» TASK TO CARRY OUT: Word for word, retype the lines from the one containing "取復方薄荷酚酸酊(批號 150721、150722、150813)適量 作" to the one containing "Zarówno sofa, jak" below, keeping both end lines and dropping the pictures.

===== RECORDS FOR THE TASK

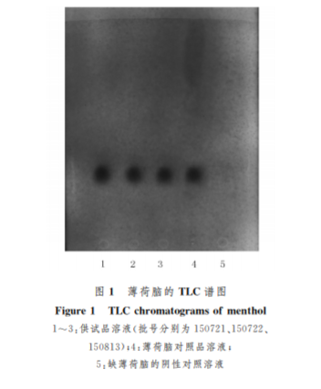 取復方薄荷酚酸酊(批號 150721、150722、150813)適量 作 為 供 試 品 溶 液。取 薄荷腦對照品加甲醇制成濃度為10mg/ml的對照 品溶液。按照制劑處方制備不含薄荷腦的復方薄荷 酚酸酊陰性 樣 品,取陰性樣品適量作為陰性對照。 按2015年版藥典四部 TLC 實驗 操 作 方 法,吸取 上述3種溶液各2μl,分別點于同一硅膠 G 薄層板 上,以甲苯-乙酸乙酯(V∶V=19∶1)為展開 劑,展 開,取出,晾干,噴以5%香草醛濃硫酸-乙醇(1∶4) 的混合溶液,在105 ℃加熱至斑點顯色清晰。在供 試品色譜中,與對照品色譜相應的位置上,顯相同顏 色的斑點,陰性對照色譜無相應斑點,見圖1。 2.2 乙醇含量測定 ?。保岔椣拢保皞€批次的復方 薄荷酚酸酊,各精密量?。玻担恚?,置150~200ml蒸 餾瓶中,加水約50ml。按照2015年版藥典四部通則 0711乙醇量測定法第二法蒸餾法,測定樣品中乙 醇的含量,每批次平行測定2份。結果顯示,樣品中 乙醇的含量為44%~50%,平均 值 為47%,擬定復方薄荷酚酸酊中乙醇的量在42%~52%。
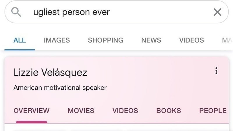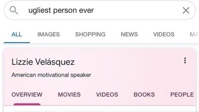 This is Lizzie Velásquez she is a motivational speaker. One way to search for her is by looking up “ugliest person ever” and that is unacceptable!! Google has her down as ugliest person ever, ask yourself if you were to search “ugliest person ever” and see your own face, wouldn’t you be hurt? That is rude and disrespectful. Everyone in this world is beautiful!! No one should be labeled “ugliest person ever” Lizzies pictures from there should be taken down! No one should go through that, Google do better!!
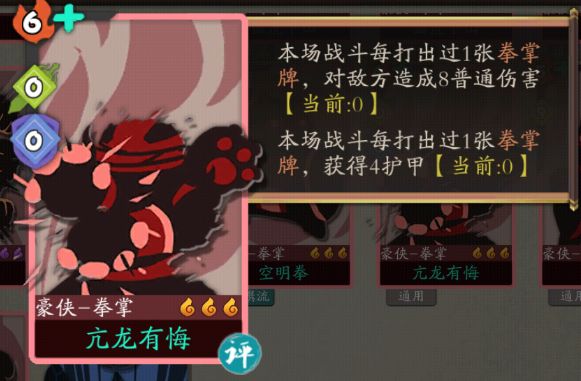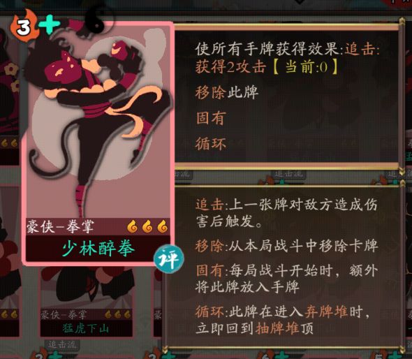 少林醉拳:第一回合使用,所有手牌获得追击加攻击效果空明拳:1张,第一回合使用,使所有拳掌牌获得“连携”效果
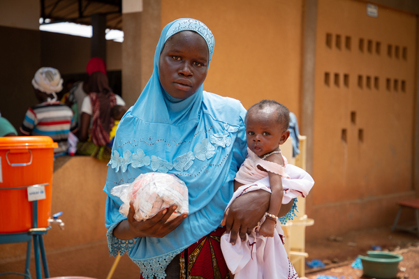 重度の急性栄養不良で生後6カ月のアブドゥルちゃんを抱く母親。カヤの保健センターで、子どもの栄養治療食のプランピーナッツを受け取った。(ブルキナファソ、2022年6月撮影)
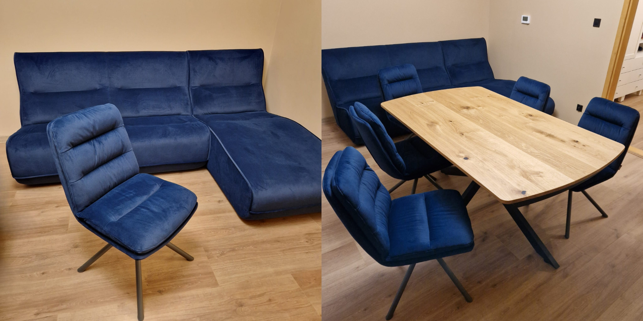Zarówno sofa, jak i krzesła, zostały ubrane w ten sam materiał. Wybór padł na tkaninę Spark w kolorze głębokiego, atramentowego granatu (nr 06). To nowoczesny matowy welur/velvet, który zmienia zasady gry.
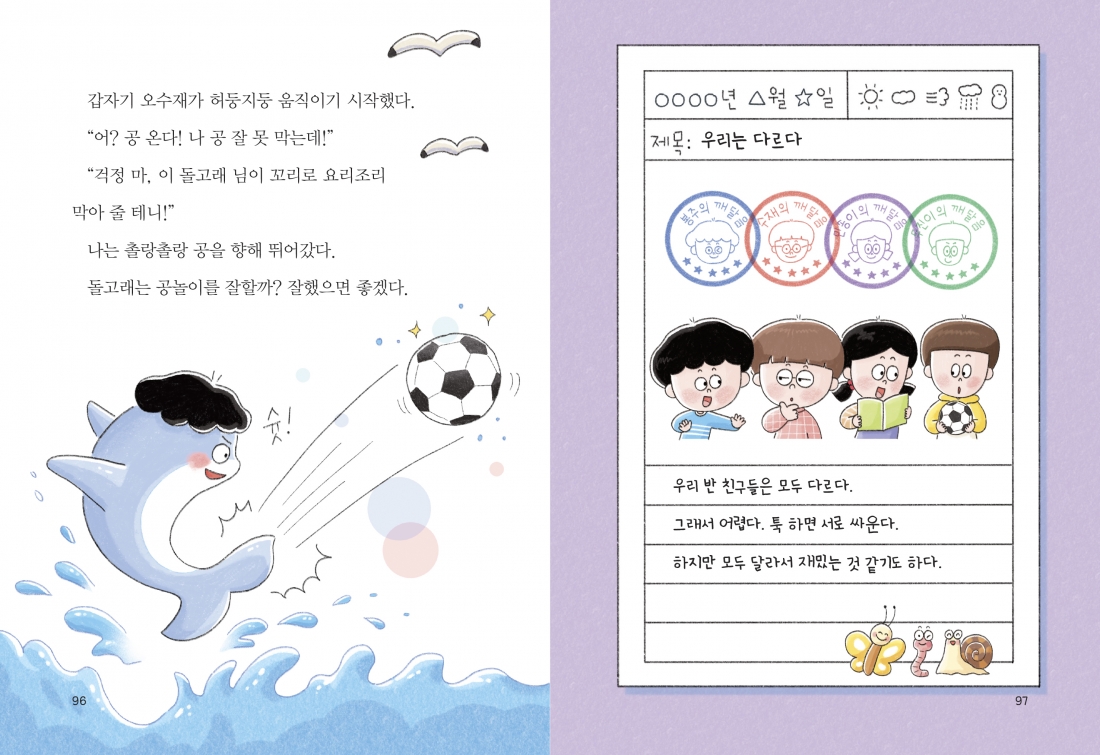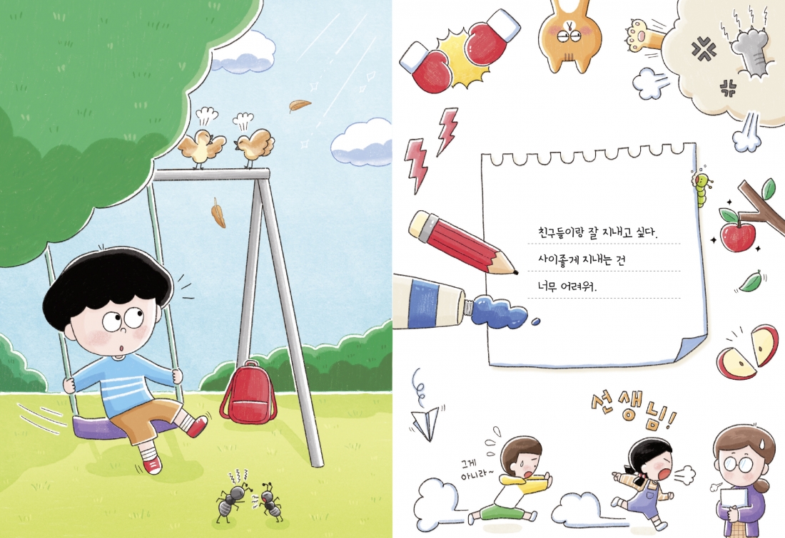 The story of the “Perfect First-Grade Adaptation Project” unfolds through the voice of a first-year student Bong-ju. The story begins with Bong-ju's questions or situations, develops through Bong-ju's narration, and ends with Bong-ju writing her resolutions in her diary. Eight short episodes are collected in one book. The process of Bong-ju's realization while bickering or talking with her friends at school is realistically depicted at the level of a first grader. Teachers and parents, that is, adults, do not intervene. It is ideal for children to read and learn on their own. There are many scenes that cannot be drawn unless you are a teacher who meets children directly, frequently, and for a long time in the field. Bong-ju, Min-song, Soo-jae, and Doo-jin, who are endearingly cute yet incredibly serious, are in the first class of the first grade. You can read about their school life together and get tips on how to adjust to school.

==========
===== RECORDS FOR THE TASK

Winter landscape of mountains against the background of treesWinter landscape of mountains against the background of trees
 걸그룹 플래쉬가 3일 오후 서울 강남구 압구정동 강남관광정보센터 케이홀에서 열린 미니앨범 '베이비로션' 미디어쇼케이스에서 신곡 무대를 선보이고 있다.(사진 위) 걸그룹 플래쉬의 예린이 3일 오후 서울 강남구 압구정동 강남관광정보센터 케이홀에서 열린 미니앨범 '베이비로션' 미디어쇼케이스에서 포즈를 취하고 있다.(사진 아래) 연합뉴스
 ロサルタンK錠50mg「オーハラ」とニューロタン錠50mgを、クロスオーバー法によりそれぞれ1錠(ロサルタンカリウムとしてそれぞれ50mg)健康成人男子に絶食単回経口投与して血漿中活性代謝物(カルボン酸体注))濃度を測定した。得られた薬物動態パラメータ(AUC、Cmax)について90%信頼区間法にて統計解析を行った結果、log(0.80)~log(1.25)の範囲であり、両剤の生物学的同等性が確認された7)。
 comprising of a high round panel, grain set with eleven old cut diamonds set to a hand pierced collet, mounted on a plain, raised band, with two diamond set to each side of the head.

==========
===== RECORDS FOR THE TASK

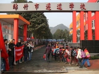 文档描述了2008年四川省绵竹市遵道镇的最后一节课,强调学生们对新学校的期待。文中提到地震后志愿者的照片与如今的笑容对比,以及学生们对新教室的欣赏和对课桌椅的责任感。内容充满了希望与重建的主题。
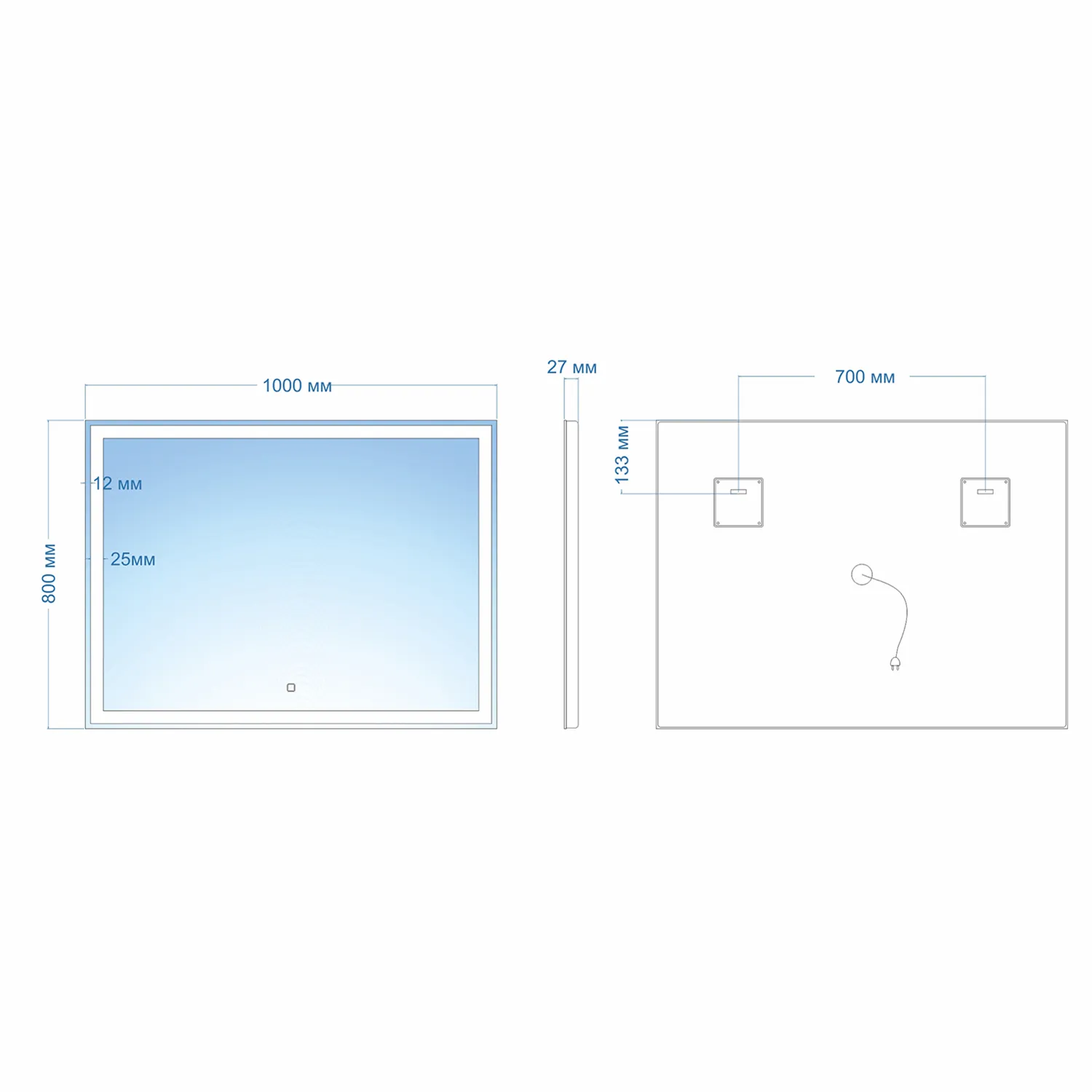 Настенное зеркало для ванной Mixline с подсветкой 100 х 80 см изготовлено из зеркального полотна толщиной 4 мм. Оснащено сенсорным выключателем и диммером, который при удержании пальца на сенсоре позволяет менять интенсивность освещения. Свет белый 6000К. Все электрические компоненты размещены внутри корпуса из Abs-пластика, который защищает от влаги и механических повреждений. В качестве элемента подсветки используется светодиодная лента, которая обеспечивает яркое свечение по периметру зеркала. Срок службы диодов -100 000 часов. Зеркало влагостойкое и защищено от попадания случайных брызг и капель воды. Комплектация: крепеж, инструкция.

==========

» ANSWER FOR THE TASK:
 取復方薄荷酚酸酊(批號 150721、150722、150813)適量 作 為 供 試 品 溶 液。取 薄荷腦對照品加甲醇制成濃度為10mg/ml的對照 品溶液。按照制劑處方制備不含薄荷腦的復方薄荷 酚酸酊陰性 樣 品,取陰性樣品適量作為陰性對照。 按2015年版藥典四部 TLC 實驗 操 作 方 法,吸取 上述3種溶液各2μl,分別點于同一硅膠 G 薄層板 上,以甲苯-乙酸乙酯(V∶V=19∶1)為展開 劑,展 開,取出,晾干,噴以5%香草醛濃硫酸-乙醇(1∶4) 的混合溶液,在105 ℃加熱至斑點顯色清晰。在供 試品色譜中,與對照品色譜相應的位置上,顯相同顏 色的斑點,陰性對照色譜無相應斑點,見圖1。 2.2 乙醇含量測定 ?。保岔椣拢保皞€批次的復方 薄荷酚酸酊,各精密量?。玻担恚?,置150~200ml蒸 餾瓶中,加水約50ml。按照2015年版藥典四部通則 0711乙醇量測定法第二法蒸餾法,測定樣品中乙 醇的含量,每批次平行測定2份。結果顯示,樣品中 乙醇的含量為44%~50%,平均 值 為47%,擬定復方薄荷酚酸酊中乙醇的量在42%~52%。
 This is Lizzie Velásquez she is a motivational speaker. One way to search for her is by looking up “ugliest person ever” and that is unacceptable!! Google has her down as ugliest person ever, ask yourself if you were to search “ugliest person ever” and see your own face, wouldn’t you be hurt? That is rude and disrespectful. Everyone in this world is beautiful!! No one should be labeled “ugliest person ever” Lizzies pictures from there should be taken down! No one should go through that, Google do better!!
 少林醉拳:第一回合使用,所有手牌获得追击加攻击效果空明拳:1张,第一回合使用,使所有拳掌牌获得“连携”效果
 重度の急性栄養不良で生後6カ月のアブドゥルちゃんを抱く母親。カヤの保健センターで、子どもの栄養治療食のプランピーナッツを受け取った。(ブルキナファソ、2022年6月撮影)
Zarówno sofa, jak i krzesła, zostały ubrane w ten sam materiał. Wybór padł na tkaninę Spark w kolorze głębokiego, atramentowego granatu (nr 06). To nowoczesny matowy welur/velvet, który zmienia zasady gry.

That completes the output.